Stamp duty and registration charges are among the largest transaction costs in any Karnataka property purchase — yet they are consistently underestimated or misunderstood by first-time buyers. On a ₹80 lakh apartment in Bangalore, these charges add ₹5.2–₹5.6 lakhs to your closing cost. On a ₹1.5 crore flat, the total can exceed ₹10 lakhs. These amounts are non-negotiable, non-refundable, and due at registration regardless of whether you took a home loan or paid cash.
After 20 years of handling property transactions in Karnataka, I have seen buyers lose their financing plan, miss registration slots, and face legal complications — all because they did not understand these charges until the last moment.
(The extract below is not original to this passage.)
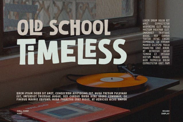 Chill Chirp Font is a rough display font with authentic and retro feels. It will be perfectly used for Branding, Logo Design, Lettering, Logotype, Clothing, Poster, magazine, packaging, posters, shopping bags, t-shirts, book covers, photography, special events and other design project.
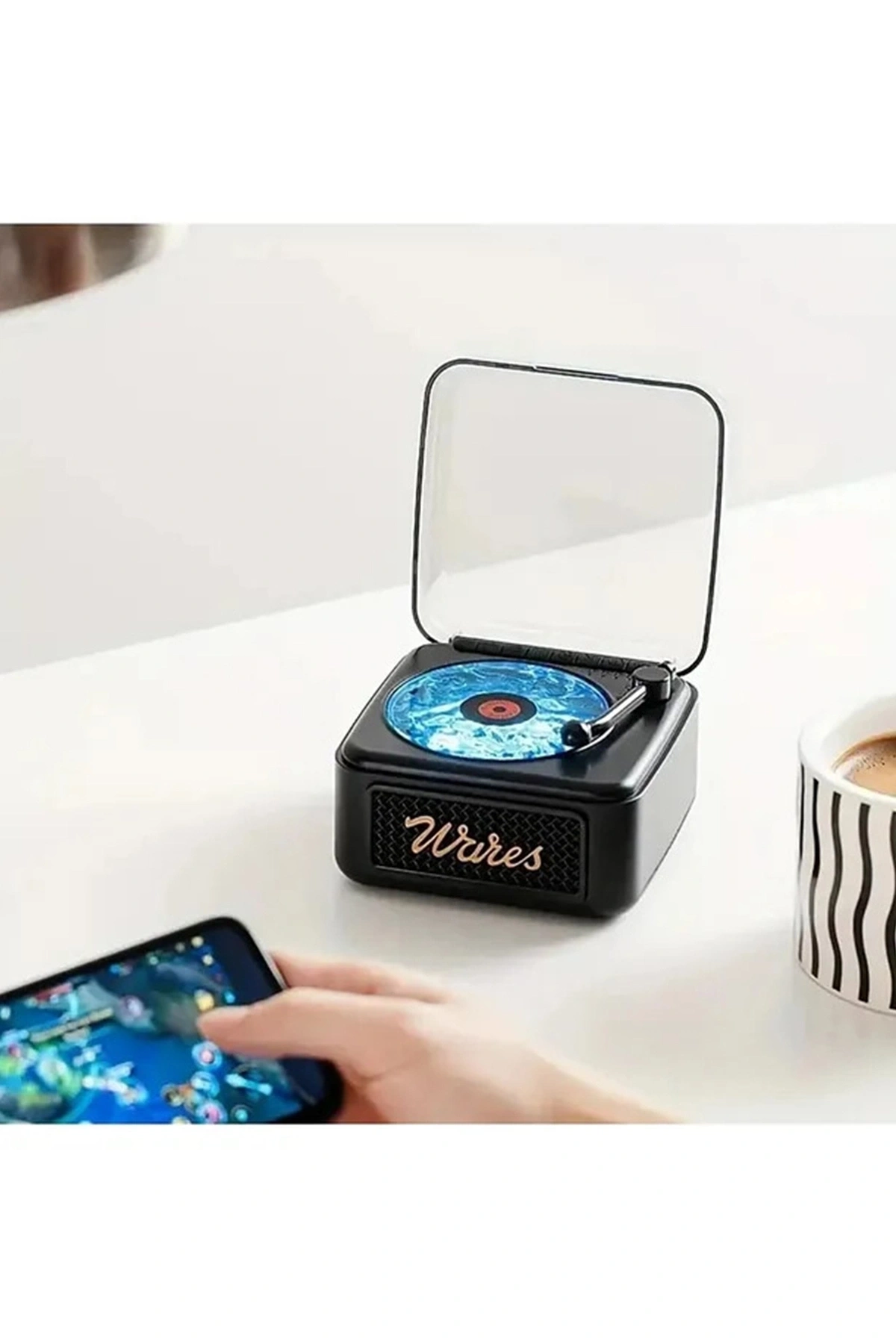 Nostalji Mini Plak Görünümlü Radyolu Bluetooth Hoparlör 3d Ses Dalgası Retro Müzik Plak Siyah

This guide covers the current rates, how the calculation works, what property types attract different rates, available concessions, and the exact payment process through Karnataka's Kaveri Online portal.
Note: Stamp duty rates are set by the Karnataka state government and are revised periodically through the state budget. Rates below reflect the structure applicable as of 2026. Always verify current slab rates with the Inspector General of Registration, Karnataka (IGR) or the Kaveri Online portal before your transaction.
Current Stamp Duty and Registration Rates in Karnataka — 2026
Karnataka charges stamp duty on a slab basis tied to the property's registered value (the higher of the market value or the government's published guidance value). Registration charges are separate and additional.
| Property Value (Registered) | Stamp Duty | Registration Charge | Surcharge on Stamp Duty |
|---|---|---|---|
| Up to ₹20 lakhs | 2% | 1% | 10% of stamp duty |
| ₹20 lakhs to ₹45 lakhs | 3% | 1% | 10% of stamp duty |
| Above ₹45 lakhs | 5% | 1% | 10% of stamp duty |
The 10% surcharge is levied on the stamp duty amount — not on the property value. On a ₹60 lakh property, stamp duty is ₹3 lakhs (5%), surcharge is ₹30,000 (10% of ₹3L), and registration is ₹60,000 (1%). Total: ₹3.9 lakhs. This surcharge is collected for the Karnataka government's various welfare and infrastructure funds.
Women buyers receive a 1% concession on stamp duty — applicable for properties registered solely in a woman's name or in joint names where the primary applicant is a woman. This concession reduces the stamp duty from 5% to 4% for properties above ₹45 lakhs, which on a ₹80 lakh property means a saving of ₹80,000.
Stamp Duty vs Registration Charge — Understanding the Difference
These are two separate levies collected at registration, often confused as a single charge:
Stamp Duty is a state tax levied under the Indian Stamp Act, 1899, as modified by Karnataka's schedule. It is the larger of the two charges. Stamp duty is what creates the legal validity of the registered document — an instrument that is insufficiently stamped can be challenged in court and is inadmissible as evidence until the deficit is paid with penalty.
Registration Charge is the fee for recording the transaction in the Sub-Registrar's office under the Registration Act, 1908. It creates the public record of ownership transfer. In Karnataka, registration is 1% of the registered value, with a minimum of ₹500 and a maximum of ₹30,000 for certain instrument categories — though for standard residential sale deeds, the 1% applies without this cap.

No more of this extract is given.